Seven minutes. That's how long German President Joachim Gauck stood bent over the guestbook at the Israeli Holocaust memorial Yad Vashem on Tuesday, ignoring the sweltering midday sun.
The reading came at the end of Gauck's hour-long tour through the memorial on Tuesday, part of his four-day state visit to Israel. It is a trip that requires a significant amount of diplomatic expertise. Prior to his departure, many predicted it would be a litmus test for the new German president, who was inaugurated in late March after the scandal-laden departure of his predecessor Christian Wulff.
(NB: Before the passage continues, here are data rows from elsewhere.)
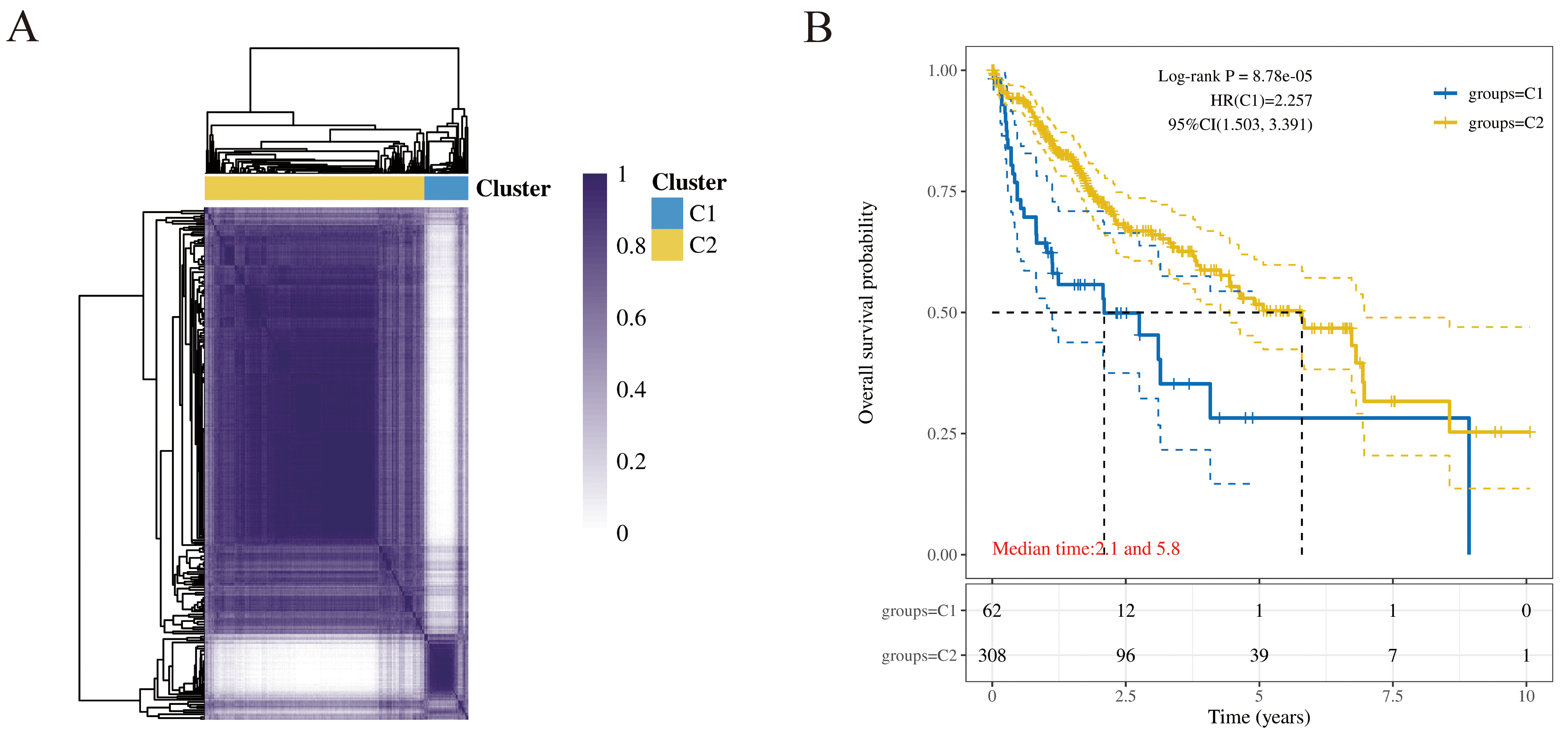 in the C1 subtype had significantly shorter overall survival than those in the C2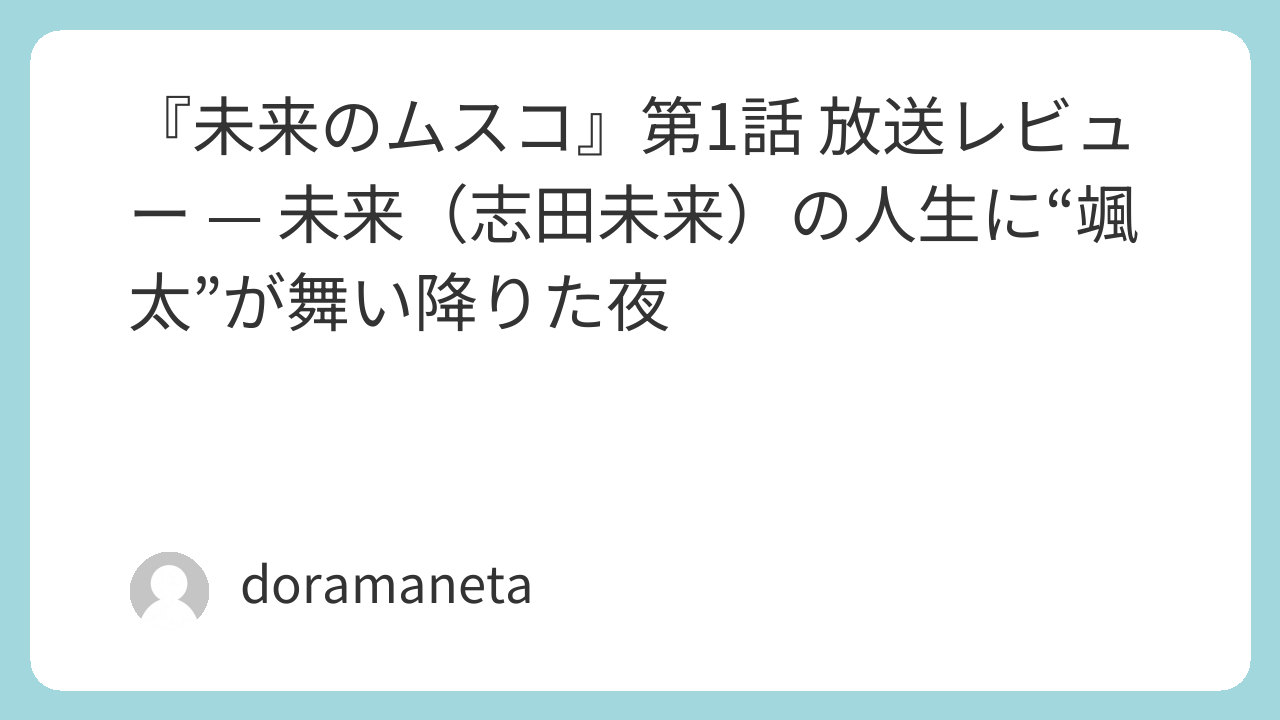 第1話は単なる“タイムスリップ奇跡”の導入に留まらず、主人公の人生が大きく揺れ動く心のドラマとして描かれた。視聴者は未来と颯太のやり取りを通じて、「人の心が成長する瞬間」を目撃したような気持ちになったはずだ。恋愛、夢、親子というテーマを同時に描くことで、幅広い世代の視聴者を引きつける構成となっている。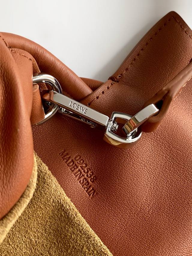 Original Leather Ddd New Version Dream Lucky Bag 30Cm New Nappa Calf Leather Flamenco Handbag Lucky Bag features a drawstring closure and a signature coiled knot. This version is made of Nappa calf leather. It must be said that this brand perfectly showcases the softness of leather and practicality in the Flamenco Knot. It can be said that whatever you want, you can find it in the Flamenco Knot. It perfectly combines the drawstring bag and tote bag, giving girls a different feeling. Although it looks simple, it is very special and casually stylish. The name of this bag is the same as the flamenco dance of the Spanish Gypsies, which also represents Loewe's casual, elegant and individualistic design style. The leather is smooth Spanish calfskin with a particularly soft feel. The suede leather lining is very sturdy and scratch-resistant. It has a very high exposure rate in street photography. In addition to being a shoulder bag, it can also be used as a tote bag. The unique drawstring design and soft leather loading make the lines more streamlined when the drawstring is tightened. It is very suitable for both work and leisure. Ddd Size: 30cm~24.5cm~10.5cm Style Number: 9043 Color: Brown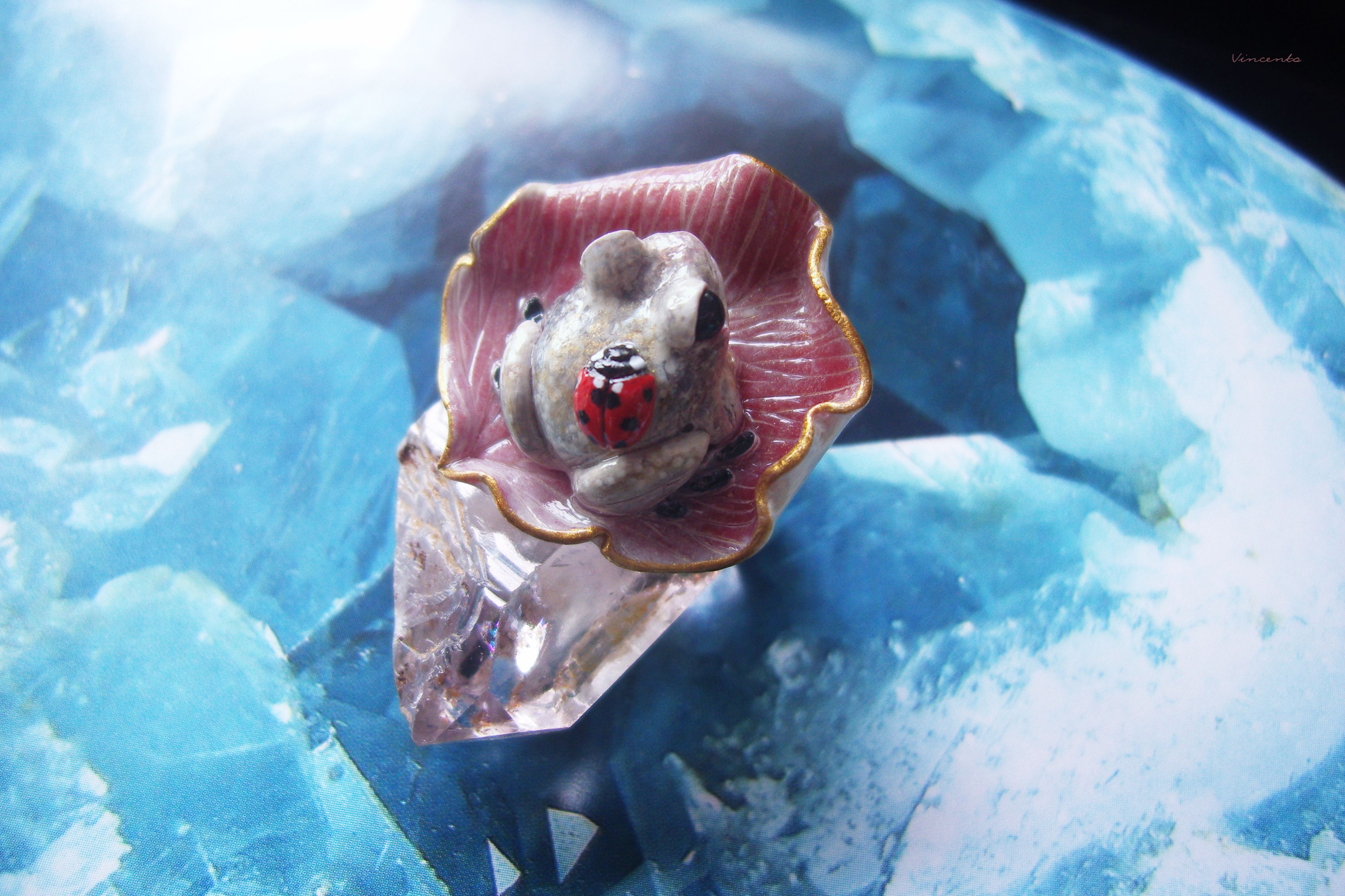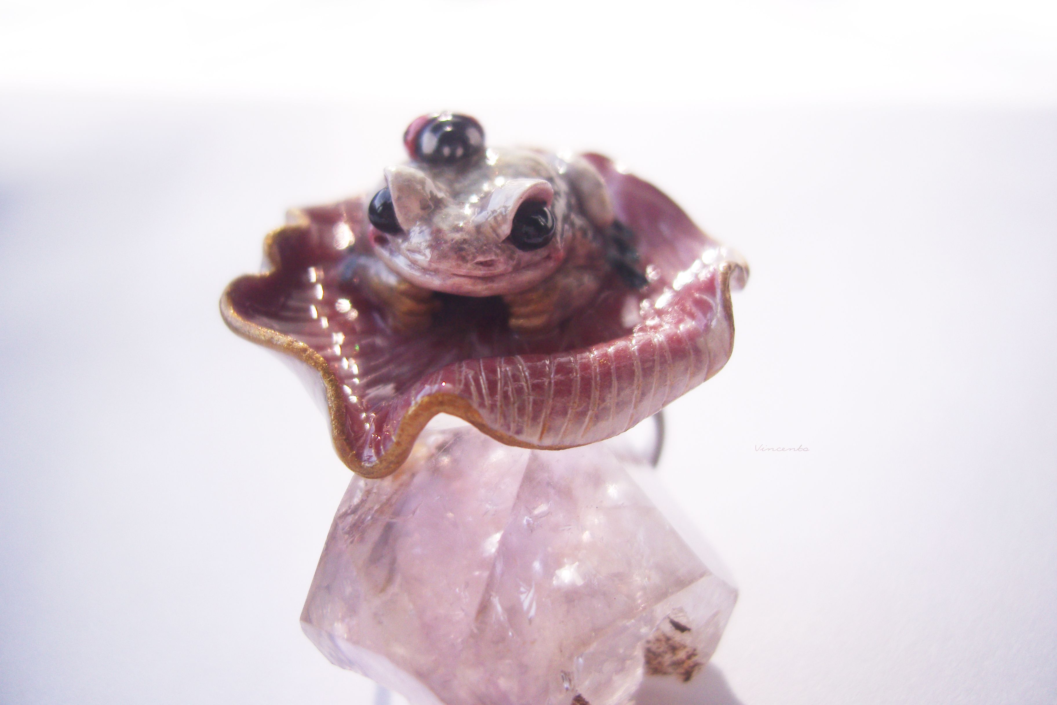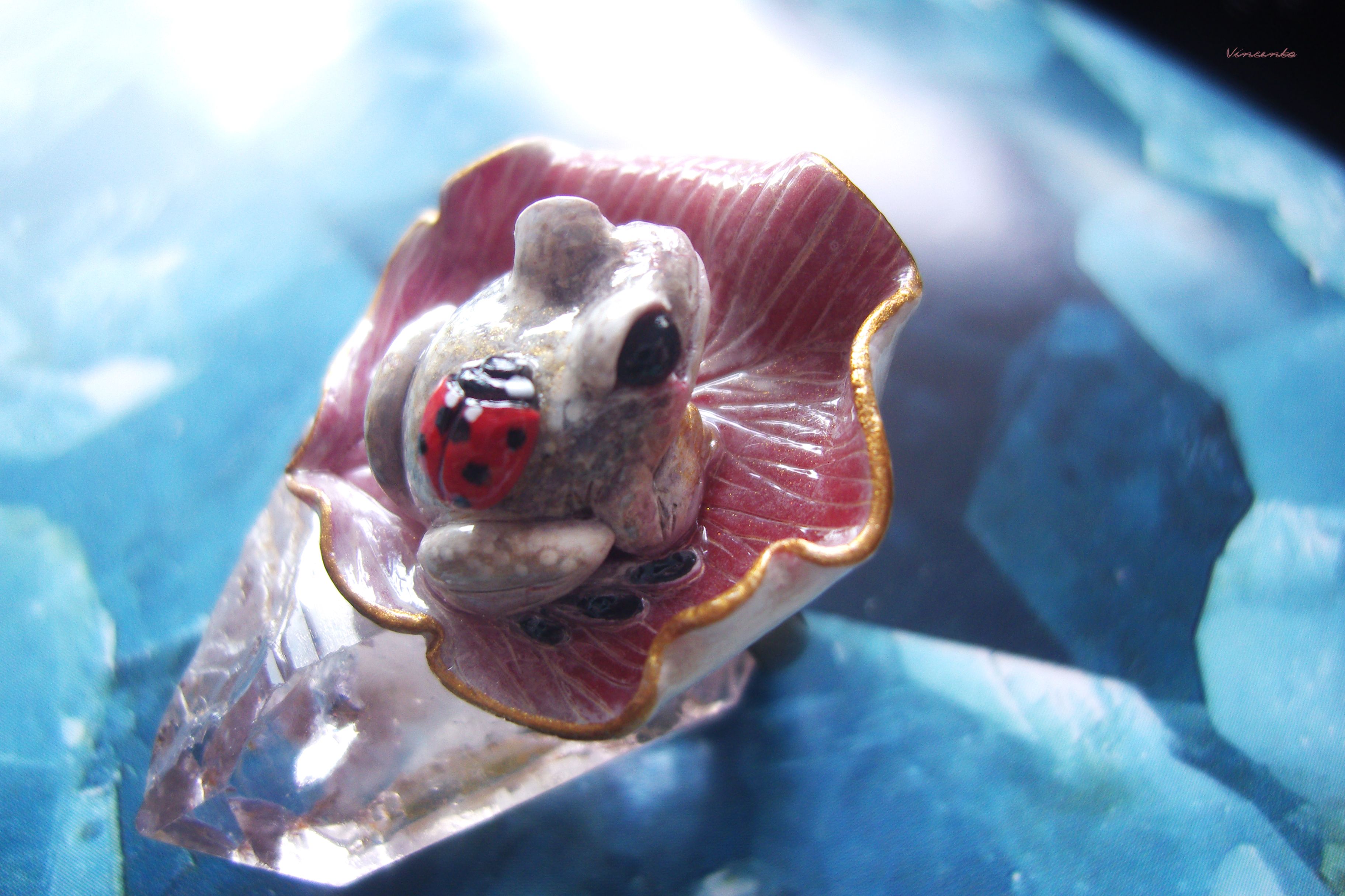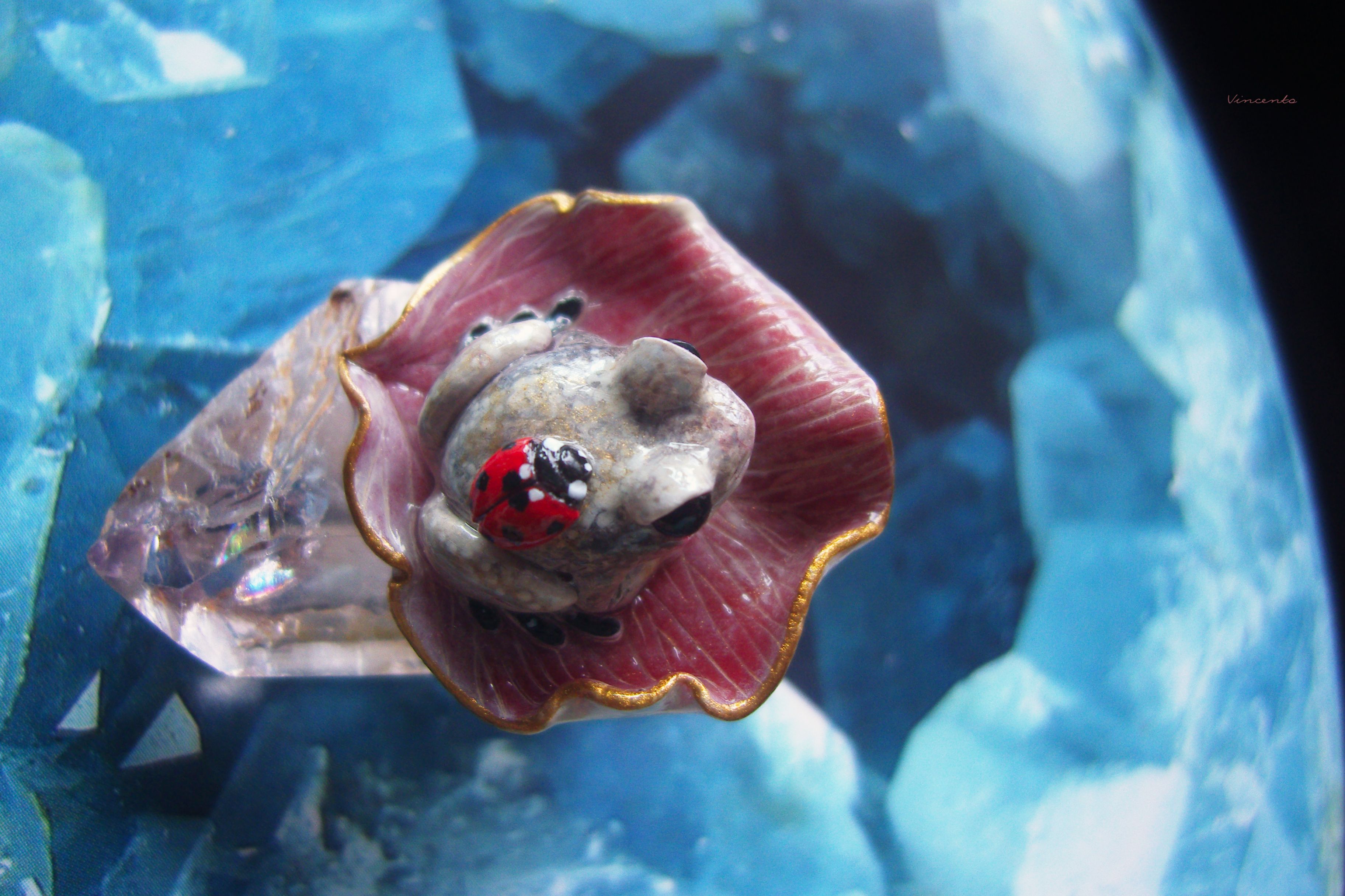 - Нежное, по-летнему романтичное колечко в виде зачарованной принцессы-лягушки Смеяны с ярко-красной божьей коровокой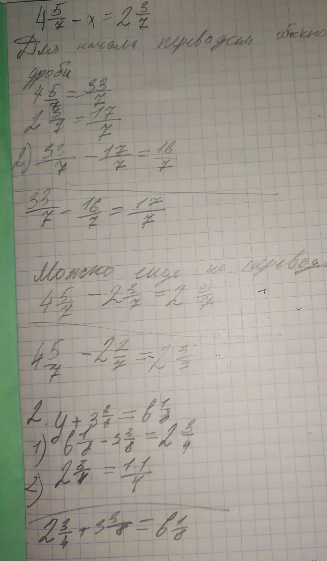 а) 4 5/7 - x = 2 3/7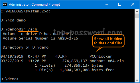 attrib -s -h "d:\demo\*" /s /d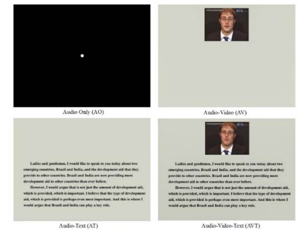 Four experimental conditions (see Table 2 and Figure 1) for each of the speeches were created by using Jiangying and Adobe Photoshop: speech with audio input (AO) only; speech with audio and video of the speaker (AV); speech with audio and written text (AT); and speech with audio, video of the speaker, and written text (AVT). In the AO condition, the participants heard the speech of the video only while they saw a white dot on the screen (Drijvers & Holler, 2023). In the AV and AVT conditions, the video of the speaker was shown in the top third of the screen; the verbatim transcript was displayed in the lower two-thirds of the screen (Seeber et al., 2020). The verbatim text varied with the speaker’s speech stream. The verbatim transcript, designed partially to mimic the presentation format of InterpretBank Model 1, preserves the informational context so as to mitigate semantic ambiguity (Defrancq & Fantinuoli, 2021). Although Model 1 may provide excessive visual information for interpreters, empirical evidence from the CASI interface usability study indicates a practitioner preference for information-rich interfaces (Saeed et al., 2023).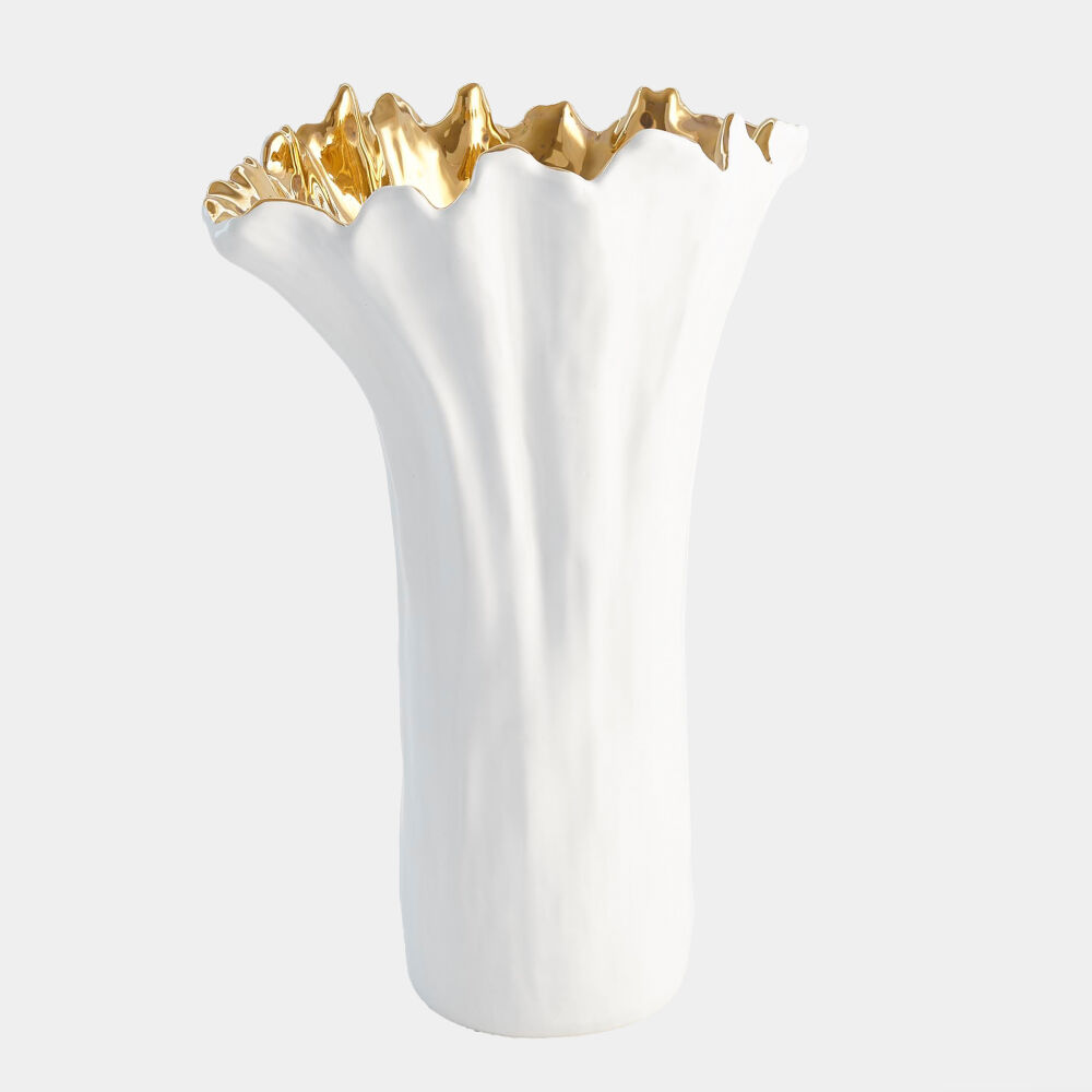 Organic Wave Tall Bowl-White/Gold

After all, German-Israeli relations are not without difficulties these days. A recent survey conduct by the Forsa research institute found that 58 percent of Germans consider Israel to be foreign. The German-Jewish publicist Michael Wolffsohn recently summed up the situation in comments to the daily Die Welt, saying that "the German-Israeli friendship is limited to a tiny portion of the political and media classes." The recent scandal over the Israel poem by German Nobel laureate Günter Grass, which was highly critical of Israeli threats to attack Iran, highlighted the difficulties that many Germans have with embracing Israel.
Not Happy with Progress on Peace
The challenge has always been that of balancing Germany's historical guilt for perpetrating the Holocaust with the more recently developed sympathy for the plight of the Palestinians. Chancellor Angela Merkel has walked this fine line with mixed results. In 2010, she declared that Israel's security was "a part of Germany's raison d'etre," a comment for which she was heavily criticized domestically.
She has also, however, made it clear to Israeli Prime Minister Benjamin Netanyahu that she is not happy with his progress on peace. When Netanyahu called Merkel in February 2011 to communicate his displeasure with Germany's vote in favor of a Palestinian proposal to condemn Israeli settlement construction on the West Bank, Merkel lost her patience. "How dare you!" she responded according to the Israeli daily Haaretz. "You are the one who disappointed us. You haven't made a single step to advance peace."
Gauck, by all accounts, has thus far had more success in his attempt to walk the same tightrope. Prior to the state visit, Dieter Graumann, head of the Central Council of Jews in Germany, had voiced his hope that "hopefully the president will contribute to a fairer and more understanding approach to Israel." Following his Yad Vashem appearance, Graumann said that Gauck was very much on the right track.
Even members of his entourage have been surprised with the apparent ease that Gauck, who has little experience on the global political stage, has navigated the difficult terrain of German-Israeli relations. His message has been clear: Germany stands firmly at the side of Israel, Germany supports a two-state solution to the Middle East conflict, and Germany hopes to avoid a military confrontation with Iran.
Nowhere was that message better visible than at his welcoming banquet on Monday evening. When Israeli President Shimon Peres assured Gauck that Israel was at the "zenith" of the process towards realizing the two-state solution with the Palestinians, Gauck gently countered that "only courageous steps will make it possible to overcome the stasis in the peace process."
Gauck still has several touchy meetings to go, though. On Wednesday afternoon, he is scheduled to sit down with Netanyahu. On Thursday, a visit to Ramallah for talks with the Palestinian Authority is planned.
But even before he left, the German president said that the success of his visit would depend on striking the right tone. So far, he has been a maestro.